L’Union progressiste entend être le porte-voix des femmes, des jeunes et couches vulnérables au Parlement, 8e législature. Son candidat titulaire dans la treizième circonscription électorale, Daouda Takpara, invite les populations de Djougou à porter leur choix sur le parti, en vue d’être comblées.

La Nation : Que retenir en termes de bilan après neuf jours de campagne dans la treizième circonscription ?

Daouda Takpara : La campagne bat son plein. Nous sommes fortement avancés. Nous avons parcouru pratiquement toutes les contrées de Djougou pour aller à la conquête des électeurs. Nous ne sommes pas déçus par ce que nous observons sur le terrain. Nous espérons fortement que les deux députés nous reviennent au soir du 28 avril. Nous pensions que Djougou ne nous était pas acquis. Nous avons beaucoup de soutiens spontanés. Nous n’avons pas besoin de beaucoup de démonstrations pour que les militants comprennent le logo à choisir. Nous allons maximiser nos chances pour réussir.
Que peut attendre concrètement votre électorat de vous ?

L’Union progressiste est un parti de gauche. Il veut surtout œuvrer pour le bonheur de la basse couche. Il est vrai que notre démocratie n’est pas encore suffisamment développée pour que les gens comprennent les notions de ‘’gauche’’ et de ‘’droite’’, mais nous nous évertuons à l’enseigner actuellement. Désormais, les gens appartiendront à un parti à cause de son idéologie. Le Bénin est tellement confronté aux défis de développement que les personnalités au plus haut sommet de l’Etat ne peuvent perdre le temps à régler encore la question de la dispersion des partis politiques.

Ces législatives interviennent dans un contexte assez particulier avec deux blocs en lice. Qu’est-ce qui caractérise l’Union progressiste ?

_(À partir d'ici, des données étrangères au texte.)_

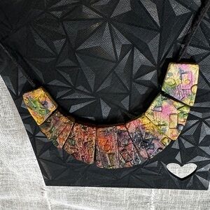 Artisan Handcrafted Multicolor Mosaic Tile Inspired Tribal Sculpted Necklace EUC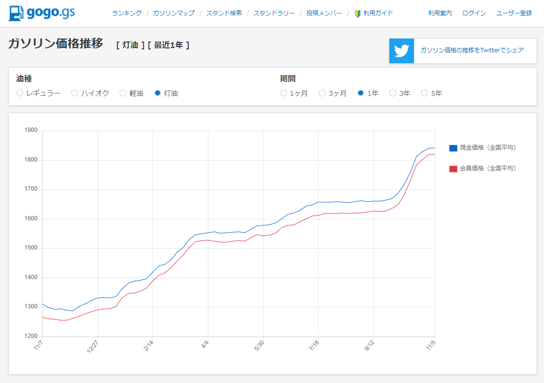 昨シーズンと比べてガソリン、灯油とも30%以上の値上がりですね。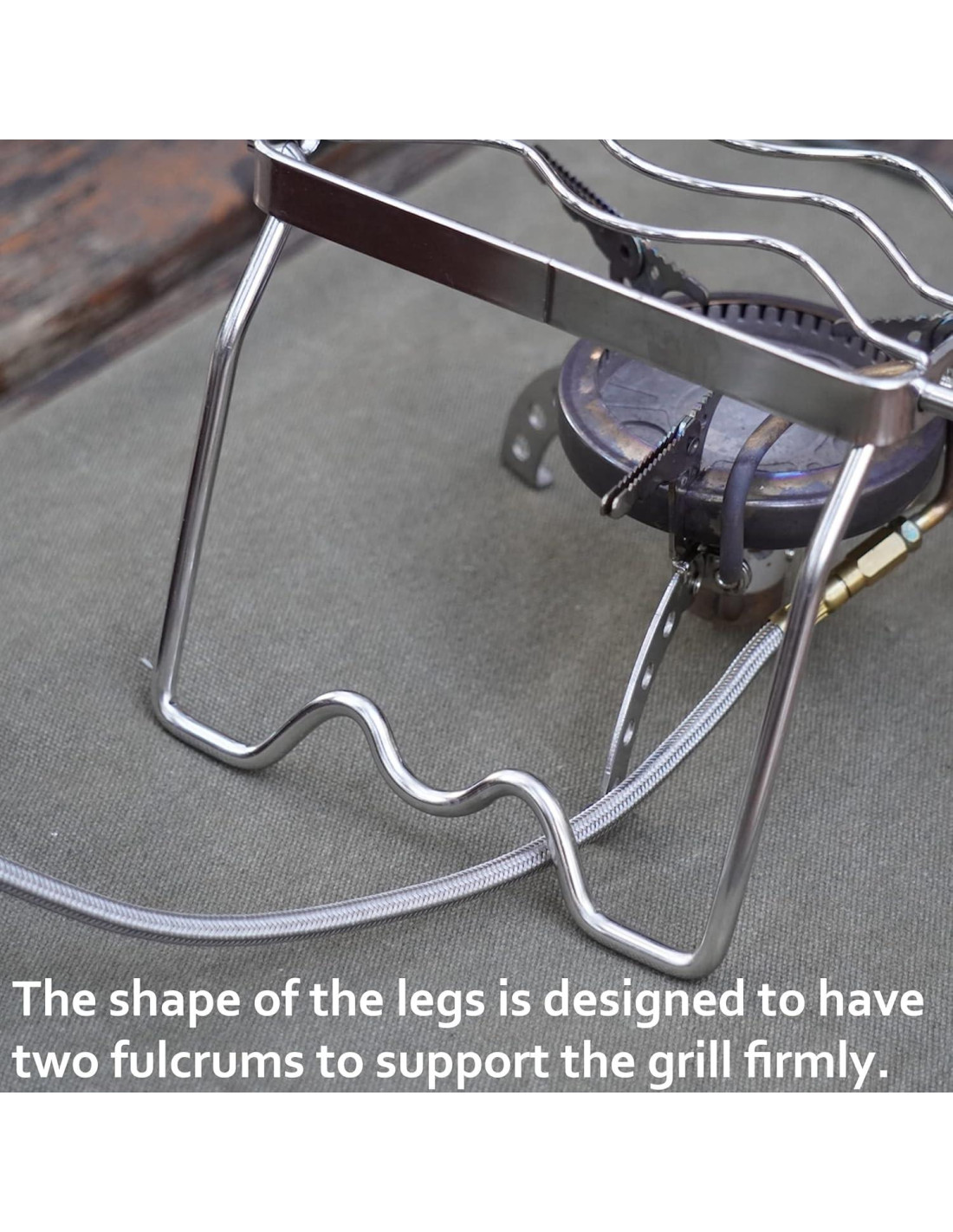 - Este soporte de fogata portátil está hecho de acero inoxidable 304. Este soporte de fogata portátil se puede usar en fuego abierto o en quemador de gas para camping.

Même dans les grandes démocraties, il arrive que la droite se rallie à la gauche. Ce qui nous unit aujourd’hui, c’est l’état de notre pays. Nous sommes tous d’accord sur les priorités de développement. Quels que soient nos bords politiques, nous devons chercher à combler le fossé qui handicape le développement du Bénin. Le futur se construit aujourd’hui.

Votre appel à l’endroit de vos militants et sympathisants

Vous savez dans quel contexte se déroule cette campagne au plan national. Je demande à la population de rester sereine. La voie de la violence serait une perte pour notre pays. Que force reste à la loi. Ce n’est pas de notre responsabilité si certains partis sont hors de la course électorale. Je constate que les élections seront apaisées à Djougou. Nous ne sentons pas de la rancœur au sein de la population. Bien au contraire, nous notons des ralliements.